### TASK REQUIREMENTS:
Lines containing the word "versatile" are the ones to copy from the records below.

### RECORDS:
........

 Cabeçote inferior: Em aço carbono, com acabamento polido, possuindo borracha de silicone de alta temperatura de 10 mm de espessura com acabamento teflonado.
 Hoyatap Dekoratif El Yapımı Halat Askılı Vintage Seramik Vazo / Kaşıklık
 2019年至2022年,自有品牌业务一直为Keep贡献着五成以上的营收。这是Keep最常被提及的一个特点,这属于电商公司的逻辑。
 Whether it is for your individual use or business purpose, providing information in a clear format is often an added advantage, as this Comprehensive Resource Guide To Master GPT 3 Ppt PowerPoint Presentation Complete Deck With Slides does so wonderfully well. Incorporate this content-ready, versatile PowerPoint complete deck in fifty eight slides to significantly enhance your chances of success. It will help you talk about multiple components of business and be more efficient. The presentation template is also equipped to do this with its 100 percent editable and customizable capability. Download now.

........

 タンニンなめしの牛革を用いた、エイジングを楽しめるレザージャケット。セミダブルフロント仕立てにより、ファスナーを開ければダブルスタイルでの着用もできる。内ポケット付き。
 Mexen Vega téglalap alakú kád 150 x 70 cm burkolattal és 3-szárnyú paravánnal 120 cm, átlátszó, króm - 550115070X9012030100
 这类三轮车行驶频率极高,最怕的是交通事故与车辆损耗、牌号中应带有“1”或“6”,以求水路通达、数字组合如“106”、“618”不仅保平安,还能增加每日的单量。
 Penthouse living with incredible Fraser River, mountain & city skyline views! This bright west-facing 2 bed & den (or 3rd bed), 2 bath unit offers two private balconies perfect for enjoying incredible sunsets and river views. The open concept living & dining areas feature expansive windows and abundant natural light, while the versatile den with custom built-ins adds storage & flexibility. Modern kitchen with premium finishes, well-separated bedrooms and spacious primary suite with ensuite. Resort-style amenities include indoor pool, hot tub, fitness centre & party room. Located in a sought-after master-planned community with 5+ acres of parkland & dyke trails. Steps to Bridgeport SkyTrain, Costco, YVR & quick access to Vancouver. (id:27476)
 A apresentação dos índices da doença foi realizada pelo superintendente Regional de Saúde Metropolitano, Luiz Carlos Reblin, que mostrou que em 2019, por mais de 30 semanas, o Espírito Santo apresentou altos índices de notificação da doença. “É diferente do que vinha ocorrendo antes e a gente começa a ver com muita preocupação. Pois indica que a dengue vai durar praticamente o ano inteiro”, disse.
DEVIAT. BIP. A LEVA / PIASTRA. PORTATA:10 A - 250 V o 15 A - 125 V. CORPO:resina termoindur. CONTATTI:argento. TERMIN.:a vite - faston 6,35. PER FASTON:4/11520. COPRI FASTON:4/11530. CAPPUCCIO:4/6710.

........

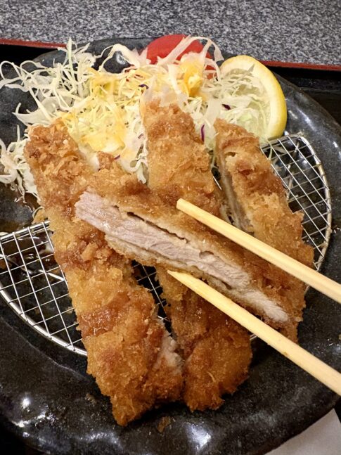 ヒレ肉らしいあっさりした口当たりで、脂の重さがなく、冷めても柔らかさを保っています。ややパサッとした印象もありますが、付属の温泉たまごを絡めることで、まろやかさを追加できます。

........

### WRITTEN ANSWER:
 Whether it is for your individual use or business purpose, providing information in a clear format is often an added advantage, as this Comprehensive Resource Guide To Master GPT 3 Ppt PowerPoint Presentation Complete Deck With Slides does so wonderfully well. Incorporate this content-ready, versatile PowerPoint complete deck in fifty eight slides to significantly enhance your chances of success. It will help you talk about multiple components of business and be more efficient. The presentation template is also equipped to do this with its 100 percent editable and customizable capability. Download now.
 Penthouse living with incredible Fraser River, mountain & city skyline views! This bright west-facing 2 bed & den (or 3rd bed), 2 bath unit offers two private balconies perfect for enjoying incredible sunsets and river views. The open concept living & dining areas feature expansive windows and abundant natural light, while the versatile den with custom built-ins adds storage & flexibility. Modern kitchen with premium finishes, well-separated bedrooms and spacious primary suite with ensuite. Resort-style amenities include indoor pool, hot tub, fitness centre & party room. Located in a sought-after master-planned community with 5+ acres of parkland & dyke trails. Steps to Bridgeport SkyTrain, Costco, YVR & quick access to Vancouver. (id:27476)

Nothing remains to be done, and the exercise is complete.